12/06/2026
L’Europa è arrivata a un punto di non ritorno. Da mesi — per non dire da anni — leggiamo di aggressioni, violenze, provocazioni e persino atti di terrorismo compiuti da singoli individui che il vecchio continente ha accolto con spirito umanitario. Il culmine sembra essere stato raggiunto negli ultimi mesi, con un aumento significativo di episodi che hanno scosso l’opinione pubblica.
In Italia, l’attentato di Modena compiuto da un giovane islamista di seconda generazione e diversi accoltellamenti, tra cui quello ai danni del giovane monzese, il cui aggressore non è ancora stato individuato.
In Inghilterra, la tragica aggressione al giovane Henry Nowak, accoltellato e poi ammanettato dalla polizia, un fatto che ha lasciato sgomenti molti cittadini.
In Irlanda, a Belfast, un rifugiato ha tentato di decapitare un uomo irlandese.

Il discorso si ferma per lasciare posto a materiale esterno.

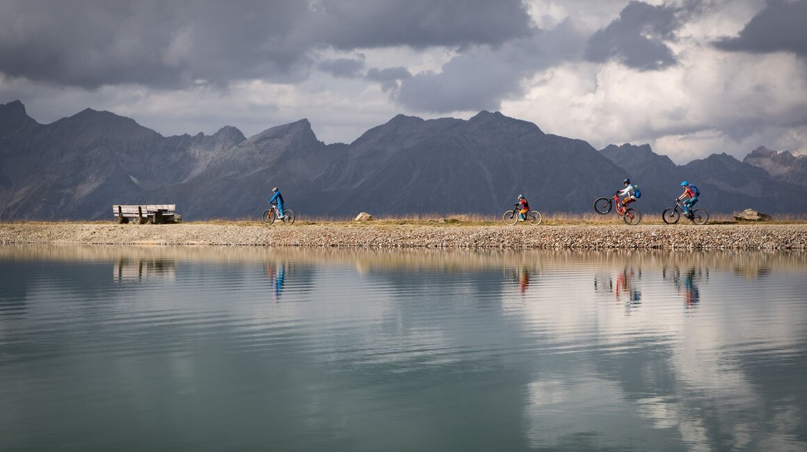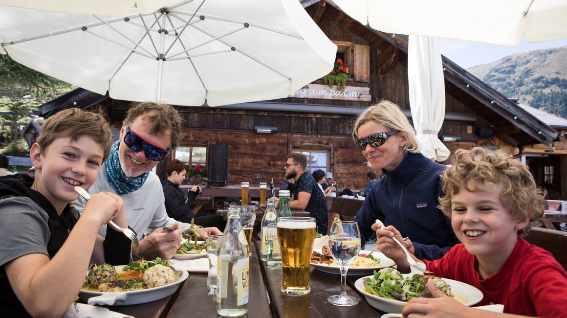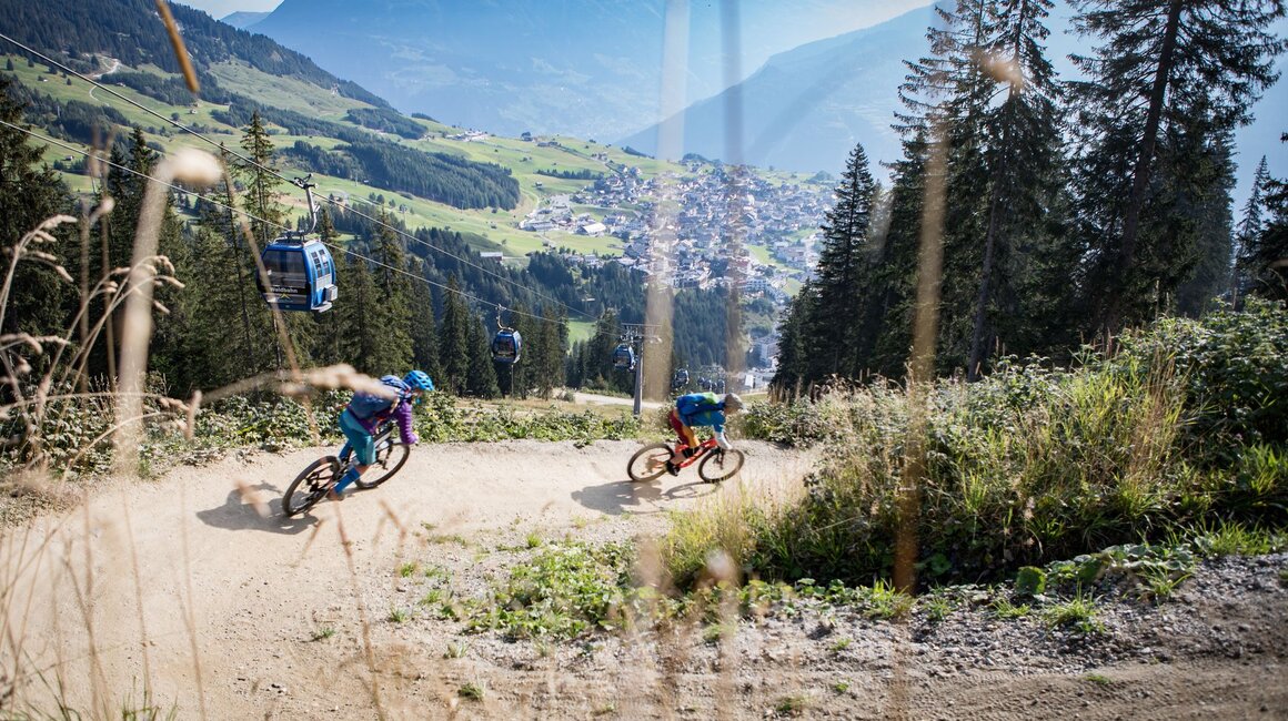 Nach einigen richtig schnellen Fahrten im Bikepark Serfaus-Fiss-Ladis schon etwas ausgepowert, beschließen wir, es etwas ruhiger anzugehen und die Singletrails auf der Fisser Nordseite zu erkunden. Normalerweise ist auf den Singletrails etwas weniger los und man kann daher etwas entspannter fahren. Außerdem wollen wir in der sehr schön gelegenen Schöngampalm zu Mittag essen und die erreicht man eben am besten über den mit „leicht“ gekennzeichneten Zirbentrail. Also treten wir das kurze Stück ins Zentrum von Fiss und fahren, Corona-bedingt, „bemaskt“ mit der Gondel hinauf auf das Fisser Joch. Es fällt wieder auf, wie freundlich und hilfsbereit das Liftpersonal ist, sodass es auch für meine zwei Jungs kein Problem ist, ihre Bikes in die Gondeln zu bringen.

Proprio questi ultimi episodi hanno fatto esplodere manifestazioni e, in Irlanda, persino una vera e propria caccia all’uomo. Secondo molti osservatori, questo è il risultato di politiche considerate filo‑immigrazioniste, che rischiano di alimentare tensioni culturali e sociali invece di favorire integrazione e sicurezza. Il timore è che si stia andando verso uno scontro identitario che potrebbe essere sfruttato per imporre nuove regole e limitare la capacità dei popoli europei di autodeterminarsi — popoli storicamente divisi, ma oggi uniti nella difesa della propria identità e libertà.